By Jim Fink on November 5, 2010

There are industries whose prospects really are improved or worsened by politics, like utilities and telecom.

 — Roger Conrad, Utility Forecaster

What a week!  Both the mid-term elections and the Fed meeting are game changers for the markets. Investors who appreciate the forces that were unleashed by these two events will prosper. But keep in mind that these political forces are secondary in investing to fundamental analysis. As Roger Conrad of Utility Forecaster wrote to subscribers immediately after the election:

The key to investing success is the same, no matter who controls the levers of political power. That is to buy good companies trading at bargain prices and let them build wealth for you.

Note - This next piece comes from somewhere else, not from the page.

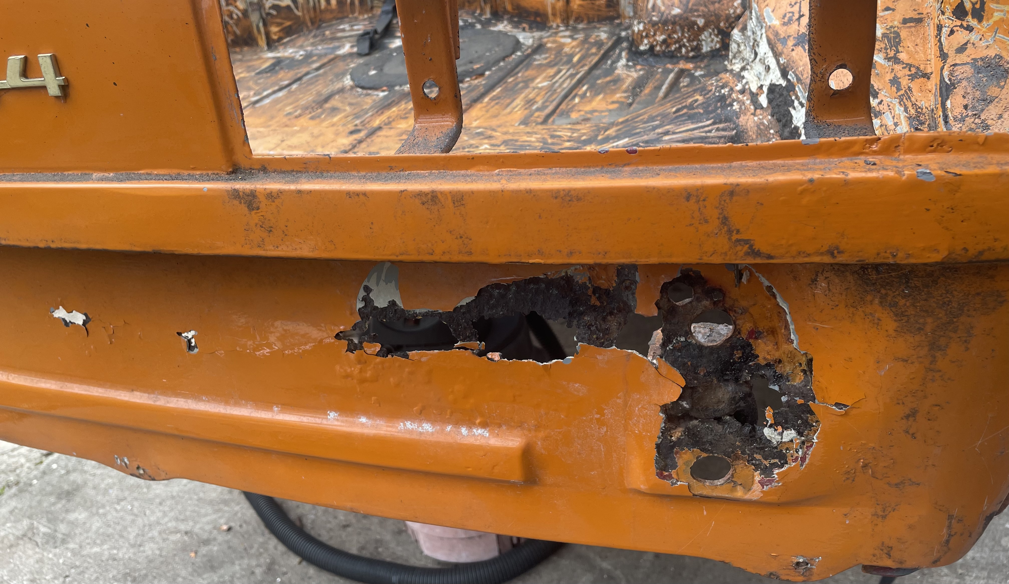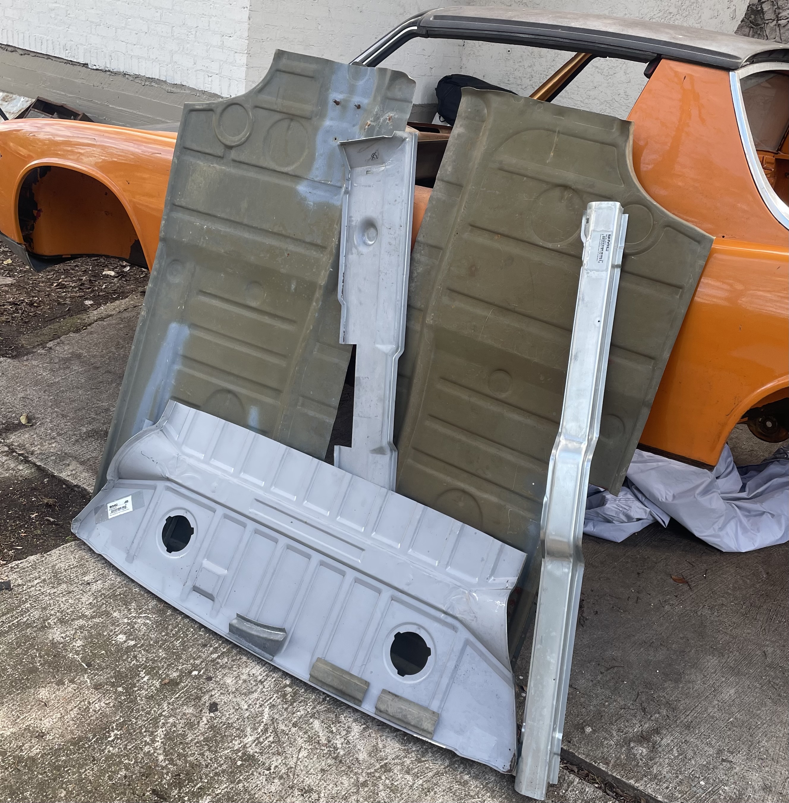 The floors were Swiss cheese (see the before pics) worse than I’ve seen on a car that I’d consider a good rebuild candidate tbh. PO used bondo to fill the holes, I kid you not. The back part of the rear trunk was terrible - had been patched with fiberglass cloth that water had gotten under. Then everything covered in a bedliner product that was only sticking in about 80% of it’s coverage, including wheel wells. The body itself was in pretty good shape.. the shell had even been recently painted (original Signal Orange), but done poorly, there is literally dried clear dripping at the wheel well edges. There are also some bubbles forming in a few spots under the paint that will now need to be addressed. Over the last few years I’ve sourced most of the missing parts (that cheap parts car is paying for itself in this one). I picked up a set of unused floors from a member here a couple years ago too.. as well as ordered other needed sheetmetal items for it. So I’m now ready to start restoration on this one. I like having a thread showing the process and the before/after but admit I’m not always the best at getting it all documented. Here’s the car as it sat a couple weeks ago (with random doors, roof, etc). Attached thumbnail(s) |

The best investment process is a combination of bottoms-up stock-by-stock evaluation and a top-down analysis of political and macroeconomic events. So, without further ado, let’s talk politics!

2010 Election

Historically, the opposition party (i.e., the one not in control of the White House) does well during mid-term elections because voters are disappointed that the hype of the presidential campaign two years before does not mesh with reality. But even by this standard, the Republicans kicked ass, taking back control of the House of Representatives by picking up at least 60 seats (9 House contests are still too close to call). This amounts to the largest seat gain for the GOP since 1938, even more than the gains Republicans saw during the 1994 midterm election. The semi-final tally is 239 Republicans and 187 Democrats, which gives Republicans a comfortable 20 seats more than the 218 needed for a majority.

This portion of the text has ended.